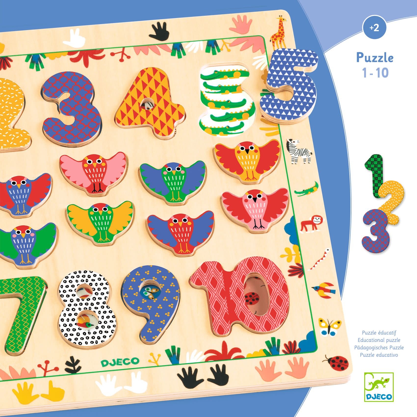 Account aanmakenEen kleurrijke, educatieve houten puzzel die perfect is om kleine kinderen kennis te laten maken met de cijfers 1 tot 10 en om hun logica en motoriek te stimuleren. Het kind legt elk cijfer op de juiste plaats door de hieronder afgebeelde dieren te tellen: 1 giraf onder het cijfer 1, 2 olifanten onder het cijfer 2, 3 leeuwen onder het cijfer 3... enzovoort! Een leuk spelletje verrijkt het leerproces: kinderen kunnen de dieren rondom de puzzel tellen of de cijfers verkennen aan de hand van tekeningen van handen.
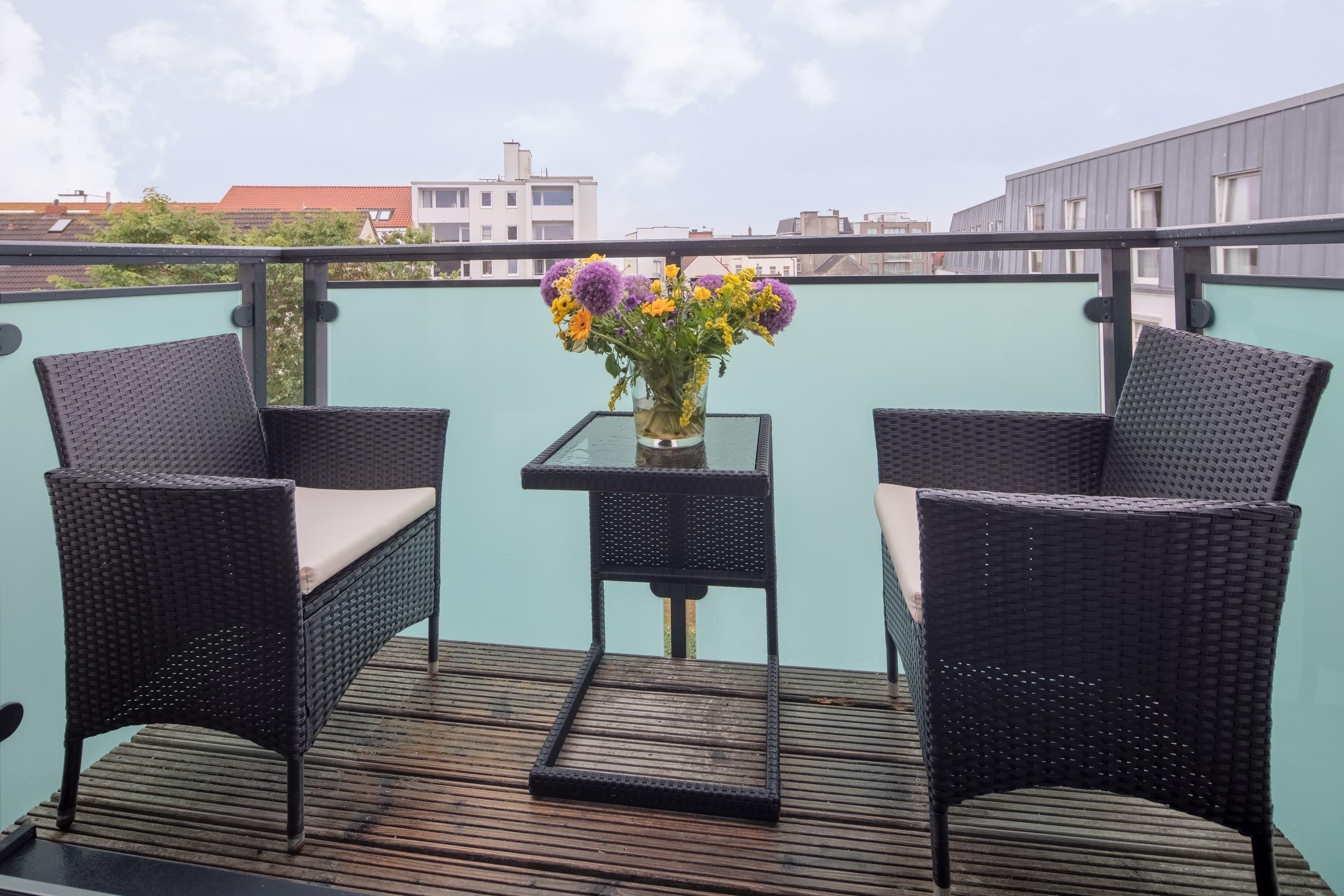 Vom kleinen Balkon am Wohnzimmer können Sie sogar einen kleinen Blick aufs Meer werfen.
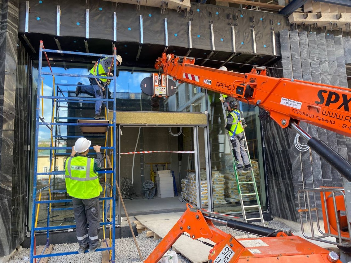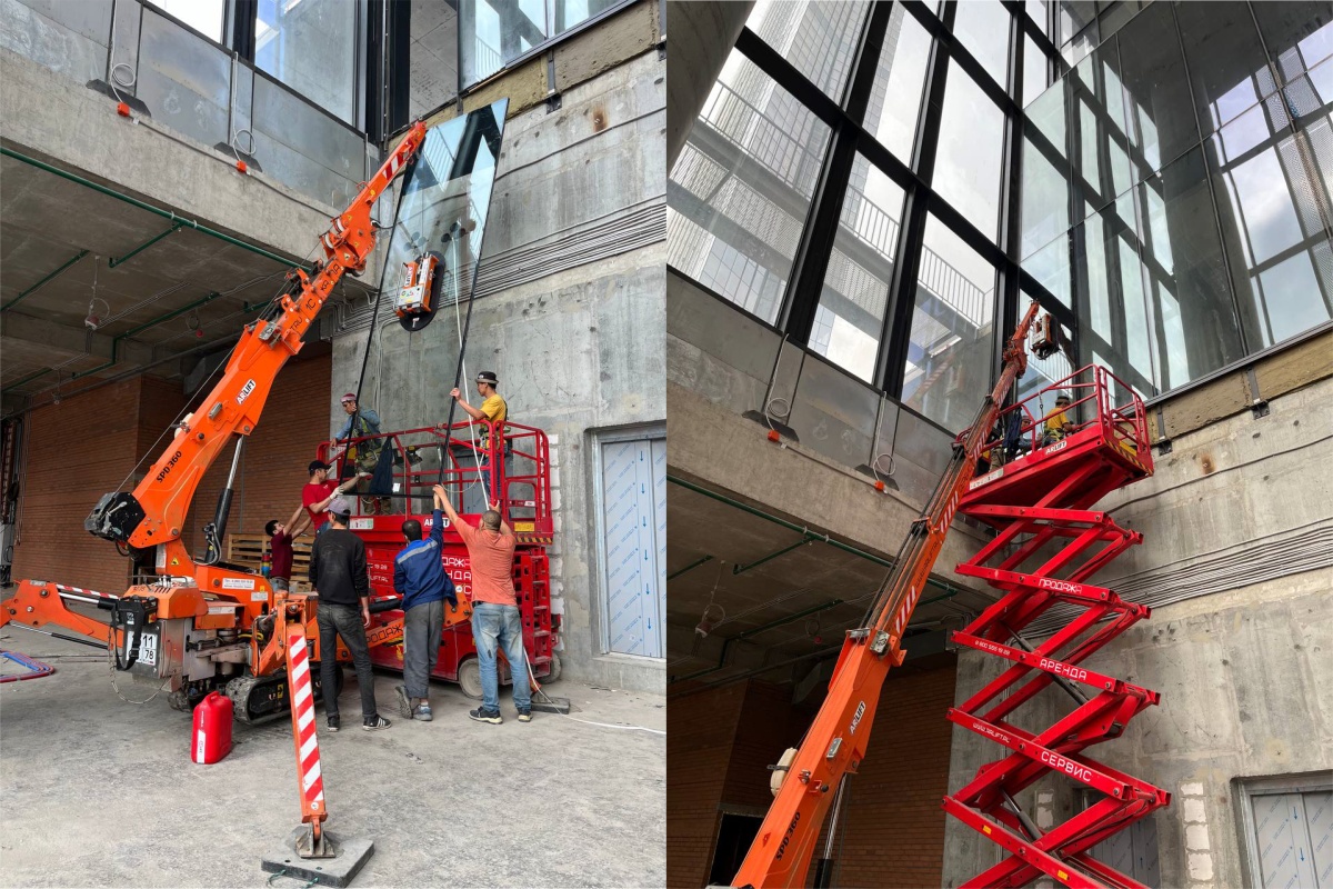 Остекление с помощью двух вакуумных захватов Арлифт и мини-крана
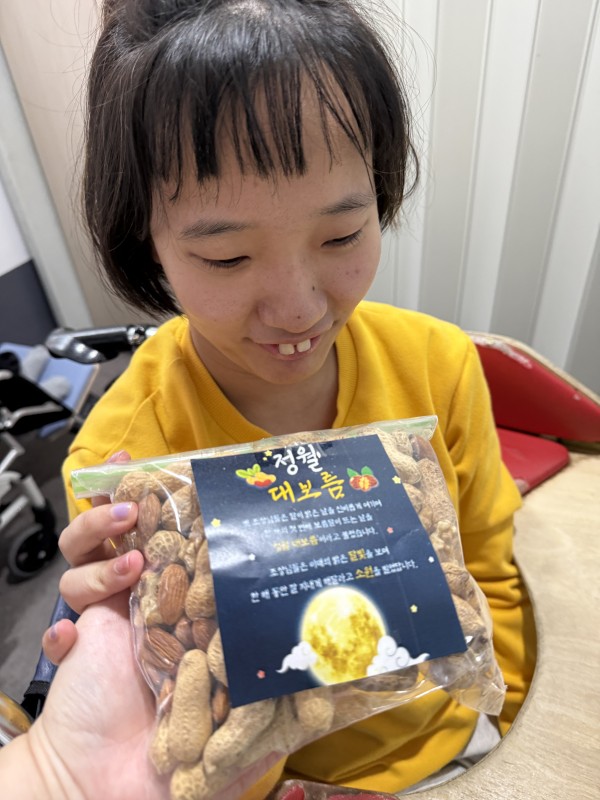 2026년 2월 26일_사회적응훈련(정월대보름 부럼깨기) 작성자 관리자 작성일 26-02-26 19:33 | 조회 37 본문 정월대보름을 맞아 부럼 깨기를 했습니다~ 땅콩과 호두 등을 예쁘게 포장하여 꾸며보았답니다o(* ̄▽ ̄*)ブ 목록
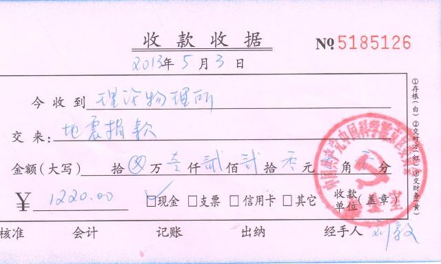 4月20日上午四川省芦山地区发生7.0级强烈地震,造成重大人员伤亡和严重财产损失。按照院党组、京区单位统一安排,理论物理所积极配合抗震救灾工作,组织了支援灾区自愿捐款活动。
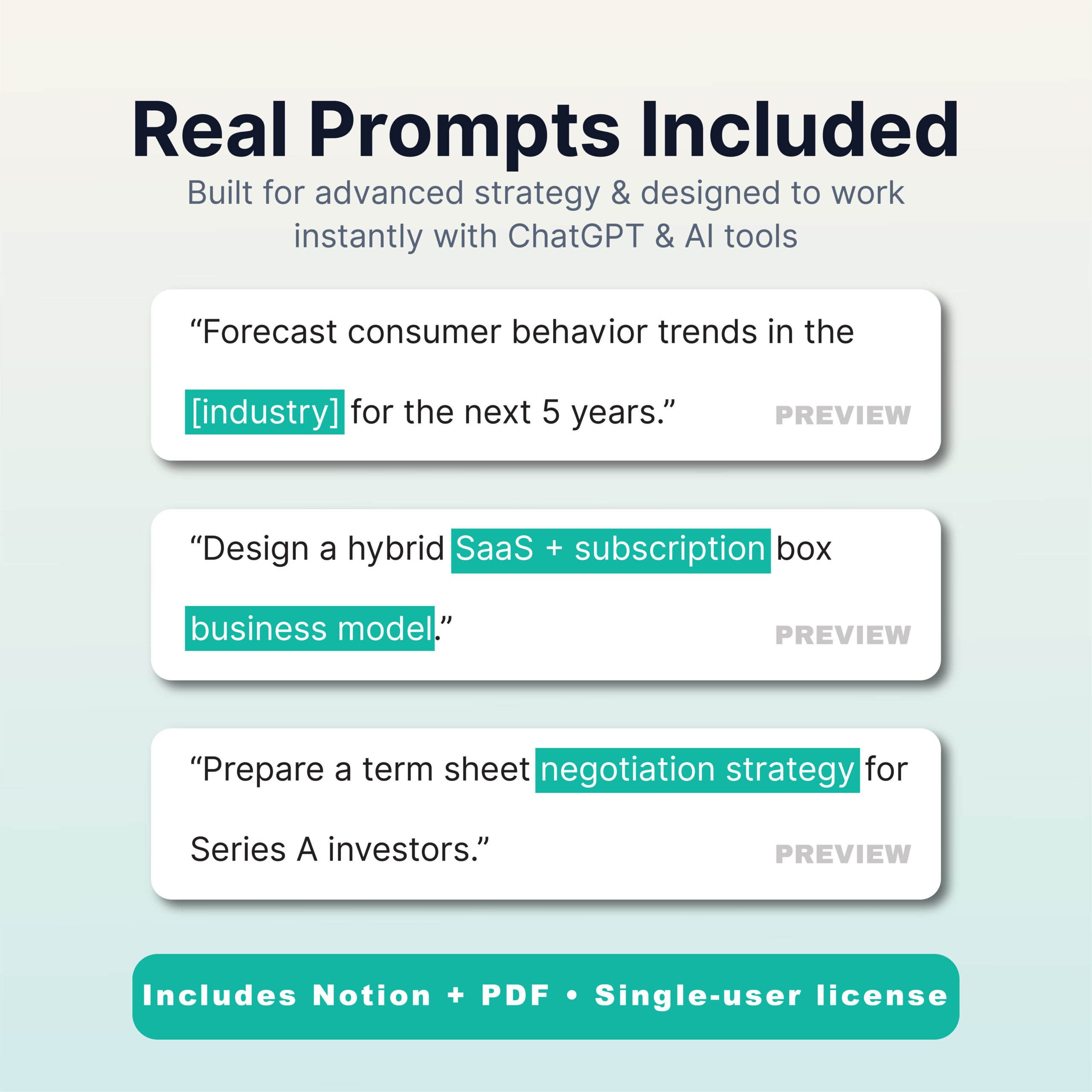 Business Plan & Strategy Prompt Vault | 350 Advanced AI Prompts for Scaling, Innovation & Growth Strategy | PDF + Notion Digital Download
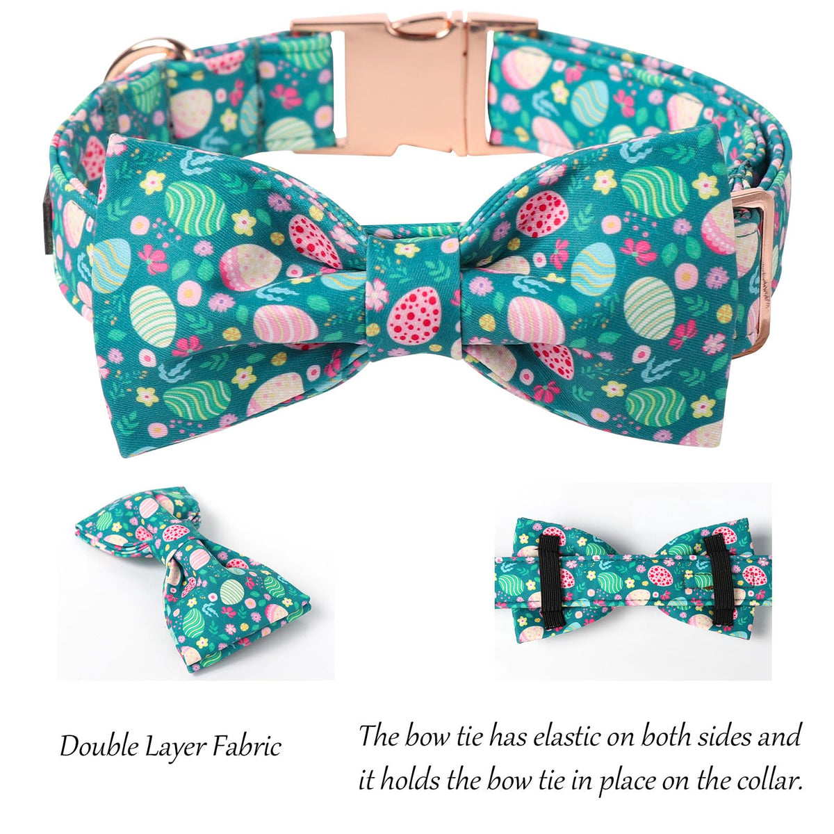 Lionet Paws Easter Green Dog Collar,Eggs Dog Collar For Medium Dogs, Adjustable Cotton Flower Pet Collars For Small Medium Dogs
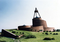 主體建筑外形追求與地貌、史跡及文物造型相結合的神韻,融原始意味和現代氣息為一體。一展館建筑為半弧形斜坡生態式建筑,二展館建筑為三部一體的變形螺旋式建筑,館外有氣勢灰宏的仿古祭祀臺和供現代文體活動的大型表演場與展館建筑遙相呼應,還有川西園林里的小橋流水、湖光島影,以婀娜的姿態與博物館的雄奇相稱。
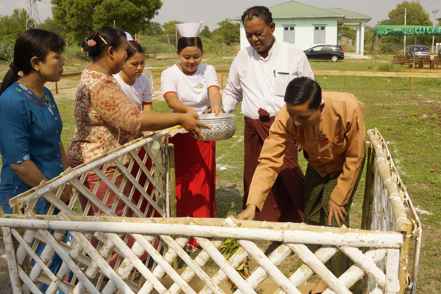 MP U Tun Tun Win of Pyithu Hluttaw, District Administrator U Ohn Than, MP U Zaw Win and U Aung Myo Oo of regional Hluttaw, Township Administrator U Zaw Min Han and Dr. Myint Myint Maw from the Township Department of Public Health drove stakes at the designated places to construct the building and sprinkled the scented water on it.
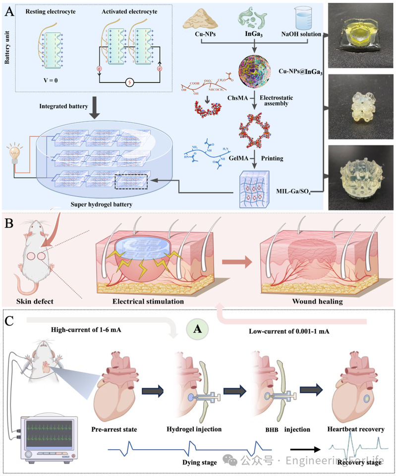 为此,EFL团队提出了一种新型电池构建策略:生物水凝胶电池 (Bio Hydrogel Battery, BHB),该电池由具备优异生物相容性的水凝胶与金属纳米颗粒协同组装而成,其力学性能与软组织高度匹配,可在组织再生过程中提供0.001–1 mA的微电流,并在心脏起搏等高负荷应用中稳定输出1–6 mA的大电流。通过灵活的调控设计,BHB展现出对生理需求的动态响应性与高精确性。这一体系巧妙地将可降解性与功能稳定性统一, BHB为柔性植入式智能设备开辟了全新路径。

TASK PROMPT
Given the listing above, repeat exactly the lines starting at the one with "Business Plan &" and ending at the one with "主體建筑外形追求與地貌、史跡", inclusive, excluding pictures.

RESULT OF THIS TASK
 Business Plan & Strategy Prompt Vault | 350 Advanced AI Prompts for Scaling, Innovation & Growth Strategy | PDF + Notion Digital Download
 Lionet Paws Easter Green Dog Collar,Eggs Dog Collar For Medium Dogs, Adjustable Cotton Flower Pet Collars For Small Medium Dogs
 主體建筑外形追求與地貌、史跡及文物造型相結合的神韻,融原始意味和現代氣息為一體。一展館建筑為半弧形斜坡生態式建筑,二展館建筑為三部一體的變形螺旋式建筑,館外有氣勢灰宏的仿古祭祀臺和供現代文體活動的大型表演場與展館建筑遙相呼應,還有川西園林里的小橋流水、湖光島影,以婀娜的姿態與博物館的雄奇相稱。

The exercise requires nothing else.